REQUIRED ACTION:
Please return only the lines from the one holding "大根・玉子・小判揚・ごぼう巻" through the one holding "Holly est une", exactly as they appear in the records below, both ends included.

RECORDS SHOWN:
----------------
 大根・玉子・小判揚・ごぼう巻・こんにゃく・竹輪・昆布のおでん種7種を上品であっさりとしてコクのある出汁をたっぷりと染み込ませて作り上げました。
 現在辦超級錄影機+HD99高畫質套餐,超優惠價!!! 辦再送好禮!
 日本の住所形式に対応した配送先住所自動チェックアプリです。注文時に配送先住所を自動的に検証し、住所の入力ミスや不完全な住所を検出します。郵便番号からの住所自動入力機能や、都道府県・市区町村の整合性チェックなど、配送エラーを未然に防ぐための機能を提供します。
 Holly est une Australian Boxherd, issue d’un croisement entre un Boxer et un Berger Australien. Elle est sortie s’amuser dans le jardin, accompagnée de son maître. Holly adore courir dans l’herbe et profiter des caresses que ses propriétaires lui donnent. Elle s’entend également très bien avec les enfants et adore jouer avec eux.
----------------
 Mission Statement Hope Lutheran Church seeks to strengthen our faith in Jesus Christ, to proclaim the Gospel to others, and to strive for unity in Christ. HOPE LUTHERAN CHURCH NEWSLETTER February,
----------------
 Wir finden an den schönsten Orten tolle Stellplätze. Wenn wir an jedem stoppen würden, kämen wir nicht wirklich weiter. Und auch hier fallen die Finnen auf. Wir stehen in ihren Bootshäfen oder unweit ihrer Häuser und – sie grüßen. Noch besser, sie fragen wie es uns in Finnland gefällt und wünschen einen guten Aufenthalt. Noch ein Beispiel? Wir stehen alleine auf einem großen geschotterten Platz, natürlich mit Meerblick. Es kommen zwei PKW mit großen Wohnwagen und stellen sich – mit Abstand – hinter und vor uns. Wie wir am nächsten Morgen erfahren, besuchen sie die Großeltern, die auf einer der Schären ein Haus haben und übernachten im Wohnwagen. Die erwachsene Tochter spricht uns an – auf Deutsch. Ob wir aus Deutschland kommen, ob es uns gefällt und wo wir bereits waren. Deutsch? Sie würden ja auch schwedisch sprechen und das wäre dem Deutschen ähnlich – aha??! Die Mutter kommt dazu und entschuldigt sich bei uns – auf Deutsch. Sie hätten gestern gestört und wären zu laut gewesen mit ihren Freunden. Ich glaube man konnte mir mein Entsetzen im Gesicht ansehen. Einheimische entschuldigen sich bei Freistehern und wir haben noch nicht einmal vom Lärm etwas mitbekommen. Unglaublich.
----------------
WRITTEN ANSWER:
 大根・玉子・小判揚・ごぼう巻・こんにゃく・竹輪・昆布のおでん種7種を上品であっさりとしてコクのある出汁をたっぷりと染み込ませて作り上げました。
 現在辦超級錄影機+HD99高畫質套餐,超優惠價!!! 辦再送好禮!
 日本の住所形式に対応した配送先住所自動チェックアプリです。注文時に配送先住所を自動的に検証し、住所の入力ミスや不完全な住所を検出します。郵便番号からの住所自動入力機能や、都道府県・市区町村の整合性チェックなど、配送エラーを未然に防ぐための機能を提供します。
 Holly est une Australian Boxherd, issue d’un croisement entre un Boxer et un Berger Australien. Elle est sortie s’amuser dans le jardin, accompagnée de son maître. Holly adore courir dans l’herbe et profiter des caresses que ses propriétaires lui donnent. Elle s’entend également très bien avec les enfants et adore jouer avec eux.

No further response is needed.